In Bangladesh, wedding ceremonies have grown to a whole new definition. In today’s society, it has become an affair of glamorous functions and frivolous spending that largely states the status symbol -- perhaps an influence of the colourful, make-believe Bollywood weddings.

Whatever the reason, the rising demand for such grand wedding ceremonies has assisted a lucrative industry that didn’t exist previously.

Today, a wedding ceremony comprises of the wedding planner, the photographer, the dress designer, the makeup artist, the caterer, and many others.

Amidst putting in excess money, time, and energy on planning several luxurious events, is the focus lost on more pressing matters for a newly-wedded couple?

Weddings are joyous occasions that bring families together. At the same time, families of the bride and groom have to face the burdens of a financial strain that the events may bring in. The cost of the jewellery, the venue, clothes, and food are just the preliminary expenses, along with many others.

The guest list contains people the couple probably has never seen or has barely known. The menu has now extended to fuchkas, ice cream, and other sweets along with the main dishes that ultimately result in wastage of food.

It is a time when we get to dress extravagantly, enjoy to the fullest, and celebrate the beginning of the couple’s married life. Then again, it is also a time when we are comfortably two hours late to an event that enables a reasonable amount of disigenuous socialising.

Although, the wedding ceremonies are intended as a joyous celebration of the newlyweds, is it possible to reduce the wastage of food, money, and the anxiety it brings along?

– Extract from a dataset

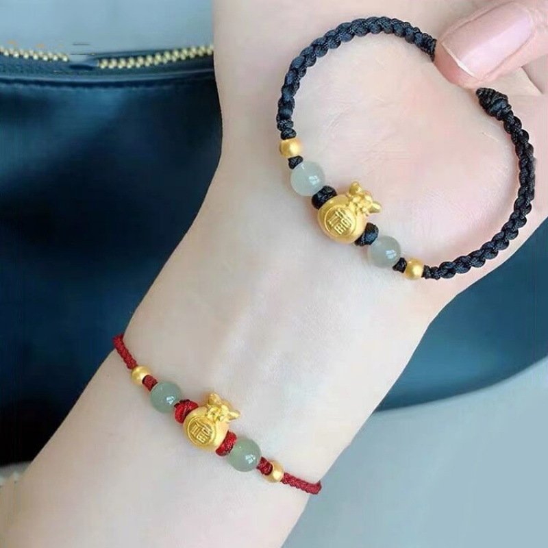 本格的な福袋の回転の玉の小さい金の玉のブレスレットの女性の本命の年の赤い手の縄の福の字の手の編みの縄の完成品

Often, the parents of a 24-year-old girl in Bangladesh are highly concerned with finding her a groom. And they are normally far more willing to spend on their daughter’s wedding than on her education. Isn’t it is much more vital to invest in the daughter’s higher education rather than on several social events?

A more strictly and economically planned wedding will enhance the opportunities of using the money in a much more efficient way that has a long-term impact. Maybe it is time we modified our traditional ways and allowed the bride and groom to make independent choices of conducting the wedding ceremony.

Young couples who would prefer a modest and economically friendly wedding should be allowed to do so. Due to social and family pressures, such ideas are ridiculed and not taken into account.

For a newlywed couple, starting a family can be financially tough. Instead of spending wastefully on the wedding, perhaps it could be used to secure the couple’s future. It can be used to save for higher education or to purchase a house or a car.

There are many cases where families take out loans to pay for these extravagant wedding ceremonies that put a financial strain at the beginning of their new lives together.

Although unconventional, starting a new life by doing charitable work can also be a great option that gives a profound meaning to the new beginning. At the same time, instead of spending a lot on the wedding, the couple could go for an adventurous honeymoon -- exploring life, making memories, and visiting places.

Weddings should not be an event of constant worry and anxiety that ultimately leaves everyone fatigued both mentally and physically. Perhaps it is time we slightly modified our customs to fit a more financially efficient and waste-free celebration.

It is understandable that the idea of “adequate” varies from person to person. Then again, having the ability to spend doesn’t mean we should ridiculously spend on things that really don’t matter in the long run.

Perhaps it is time we discarded extravagant wedding ceremonies as a status symbol, and started humbly celebrating new beginnings.